#### [Information supplied]
★ ★ ★ ★

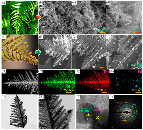 (a) An optical figure of the fern blade in (a) spring and (e) autumn; SEM images of (b–d) fern-like Fe2O3 and (f–h) fern-like Pd/PdO-Fe2O3; (i1) HAADF image and the corresponding EDS elemental mapping images of (i2) O, (i3) Fe, and (i4) Pd, respectively; (j1–j2) TEM, (j3) HRTEM images, and (j4) area diffraction pattern of fern-like Pd/PdO-Fe2O3.
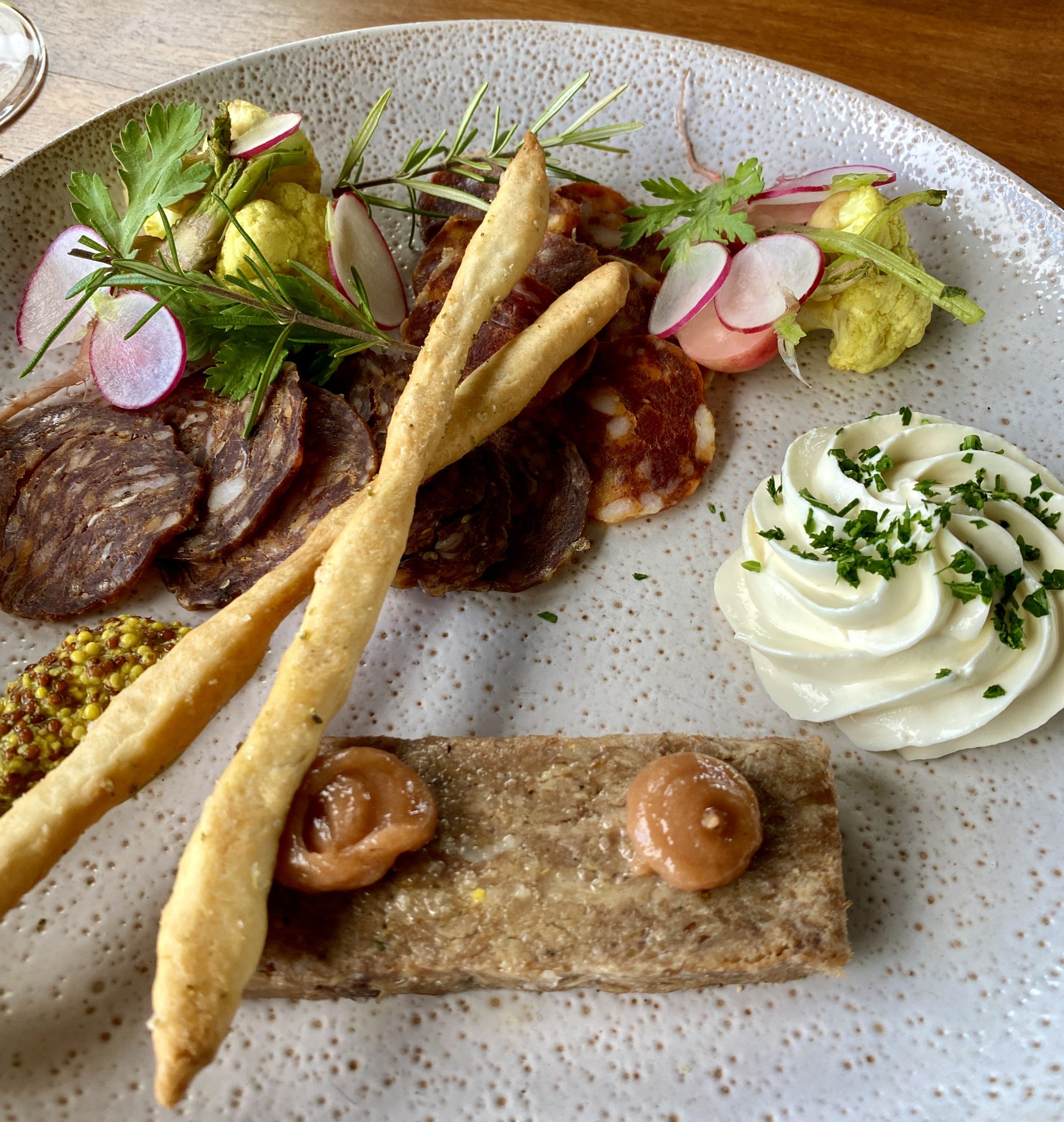 This iteration is much better. The restaurant opened as Frui Momento in January 2022 when it was bought by its neighbour, Cherubino Wines. Locally referred as the “chick on a stick” winery, the restaurant is in a stunning building with a slick fit out. Picturesque with a lake, and the said-famous gold statue of a woman protruding out, arms outstretched. The surrounding gardens are gorgeous – the sort where you wish your wedding photos were taken. It is a really lovely place to spend an afternoon. The restaurant is quite formal. Outside on the patio it seemed more relaxed. Bookings essential.
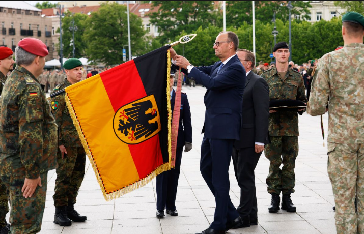 据美联社5月22日报道,德国总理默茨22日出席了德军驻立陶宛旅的组建仪式。这支部队的成立具有历史性意义,旨在协助保护北约东翼。
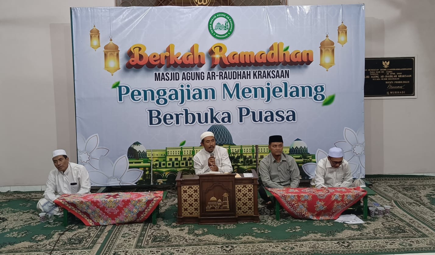 Dalam rangka mengisi bulan suci Ramadhan 1446 H dengan kegiatan keagamaan, Masjid Agung Ar-Raudlah yang berlokasi di Jalan Rengganis Nomor 1, Kelurahan Patokan, Kecamatan Kraksaan, Kabupaten Probolinggo, menggelar pengajian menjelang berbuka puasa pada hari kedua Ramadhan, Ahad (2/3/2025). Kegiatan ini dihadiri oleh ratusan jamaah yang datang untuk mendapatkan ilmu dan keberkahan Ramadhan.

★ ★ ★ ★

Copy all of the data word for word, and keep the pictures out of it.

 (a) An optical figure of the fern blade in (a) spring and (e) autumn; SEM images of (b–d) fern-like Fe2O3 and (f–h) fern-like Pd/PdO-Fe2O3; (i1) HAADF image and the corresponding EDS elemental mapping images of (i2) O, (i3) Fe, and (i4) Pd, respectively; (j1–j2) TEM, (j3) HRTEM images, and (j4) area diffraction pattern of fern-like Pd/PdO-Fe2O3.
 This iteration is much better. The restaurant opened as Frui Momento in January 2022 when it was bought by its neighbour, Cherubino Wines. Locally referred as the “chick on a stick” winery, the restaurant is in a stunning building with a slick fit out. Picturesque with a lake, and the said-famous gold statue of a woman protruding out, arms outstretched. The surrounding gardens are gorgeous – the sort where you wish your wedding photos were taken. It is a really lovely place to spend an afternoon. The restaurant is quite formal. Outside on the patio it seemed more relaxed. Bookings essential.
 据美联社5月22日报道,德国总理默茨22日出席了德军驻立陶宛旅的组建仪式。这支部队的成立具有历史性意义,旨在协助保护北约东翼。
 Dalam rangka mengisi bulan suci Ramadhan 1446 H dengan kegiatan keagamaan, Masjid Agung Ar-Raudlah yang berlokasi di Jalan Rengganis Nomor 1, Kelurahan Patokan, Kecamatan Kraksaan, Kabupaten Probolinggo, menggelar pengajian menjelang berbuka puasa pada hari kedua Ramadhan, Ahad (2/3/2025). Kegiatan ini dihadiri oleh ratusan jamaah yang datang untuk mendapatkan ilmu dan keberkahan Ramadhan.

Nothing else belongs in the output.